SALA DE LO CONTENCIOSO ADMINISTRATIVO

SECCION SEGUNDA

Consejero ponente: JOAQUIN BARRETO RUIZ

Santafé de Bogotá, D.C., febrero veintiocho (28) de mil novecientos noventa y cuatro (1994).

Radicación número: 5966

Actor: ENRIQUE MONTANA GUTIERREZ Demandado: CAJA DE PREVISIÓN SOCIAL 1. - No se le reconoce personería al doctor César Augusto Solamilla Chavarro como apoderado del Departamento del Tolima, por carecer esta entidad de interés jurídico en el proceso, toda vez que la parte demandada es la Caja de Previsión Social del Tolima, establecimiento público del orden departamental y, por ende, capaz de comparecer por sí misma al proceso, como realmente lo hizo a través del Doctor Germán Barberi Perdomo (folios 38 a 43). 2. - Se decide el recurso de apelación interpuesto por la parte actora contra la sentencia del 29 de mayo de 1991, proferida por el Tribunal Administrativo del Tolima, en el proceso promovido por Enrique Montaña Gutiérrez, con el fin de que

se declare la nulidad de la resolución No. 159 de 20 de octubre de 1989, de la Dirección de la Caja de Previsión Social del Tolima, mediante la cual se declaró insubsistente su nombramiento en el cargo de Secretario General de dicho establecimiento y de que se le restablezcan los derechos supuestamente vulnerados con la expedición del acto demandado.

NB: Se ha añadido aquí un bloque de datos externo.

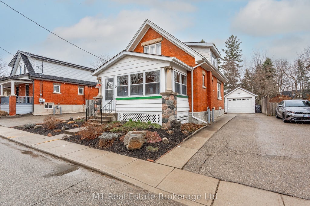 Charming Red Brick Home in the Heart of Guelph. Step into timeless character and modern comfort with this delightful 1 1/2 storey home, nestled in the sought-after Exhibition Park neighbourhood. Offering 3 spacious bedrooms and 1 full bathroom, this home is full of warmth, charm, and personality.You'll love the inviting layout, featuring unique architectural details, original hardwood accents, and plenty of natural light. One of the standout features is the inviting covered 3-season porch, the perfect spot for morning coffee, evening chats, or simply enjoying the peaceful surroundings. Out back, a newer-built detached garage is an impressive addition, fully equipped with central vacuum, making it an ideal space to care for your vehicles or set up a workshop. Parking for up to 4 cars is a huge bonus in this neighbourhood. Perfect for families, first-time buyers, or anyone looking to enjoy a vibrant, walkable neighbourhood rich in history and community spirit.Located just steps from parks, schools, trails, and downtown amenities, this home offers both charm and convenience in one of Guelph's most desirable areas. All furnishings in the home can be included.

LA SENTENCIA El Tribunal del conocimiento negó las pretensiones del demandante bajo la consideración de que en el sub - lite no se infringió la Ley 74 de 1968 que incorporó al ordenamiento jurídico del país los Pactos Internacionales de Derechos Económicos, Sociales y Culturales, de Derechos Civiles y Políticos, así como el Protocolo Facultativo de este último, aprobados por la Asamblea General de las Naciones Unidas el 16 de diciembre de 1966, pues tal incorporación no implica la abolición de la legislación vigente o la imposibilidad de desarrollar los textos constitucionales, pues tanto las Leyes como estos últimos, respetan el derecho al trabajo, el de recibir las respectiva remuneración y el de igualdad de oportunidades, así como los demás derechos a que alude el actor. El a - quo estimó igualmente, que no se presenta la infracción del Decreto 2400 de 1968, porque no es aplicable a los empleados públicos del orden departamental, como lo era el accionante, y que tampoco se da la desviación de poder endilgada al nominador, puesto que si bien, de acuerdo con la prueba testimonial, la remoción del actor se dispuso a raíz del conocimiento que aquel tuvo de que éste había recibido determinada suma de dinero para tramitar

ágilmente la liquidación y pago de las cesantías de uno de los afiliados a la Caja, la verdad es que la facultad discrecional de remoción que ostenta el nominador no se "cierra" por el solo hecho de haber incurrido el empleado en una falta disciplinaria, pues se llegaría al absurdo de que esa circunstancia le otorgue fuero de estabilidad relativa. Además el fallador precisó que independientemente del proceso disciplinario, bien puede proferirse acto de separación del servicio, no propiamente porque se haya incurrido en el hecho constitutivo de la falta que origina la sanción, sino porque el servicio está afectado y es preciso adecuarlo o mejorarlo, como ocurrió en el presente caso, ya que públicamente se ponía en duda el desempeño del demandante y era contrario al buen nombre de la administración mantener a una persona empleada, cuando su proceder estaba siendo calificado de irregular. EL RECURSO El actor al sustentar la alzada, recalca que fue declarado insubsistente por el Director de la Caja, pasando por alto el trámite disciplinario que estaba obligado a adelantar, para establecer si debía o no destituirlo o si debía continuar en el empleo; que de las pruebas obrantes en autos, se desprende que no incurrió en la conducta irregular que se le imputa y que el nominador le dio credibilidad a las declaraciones del Doctor Julio César Guacanez, en el sentido de que había exigido dinero para agilizar la tramitación de la petición de reconocimiento del auxilio de cesantía de un ex - afiliado a la Caja, lo cual no se probó dentro del proceso.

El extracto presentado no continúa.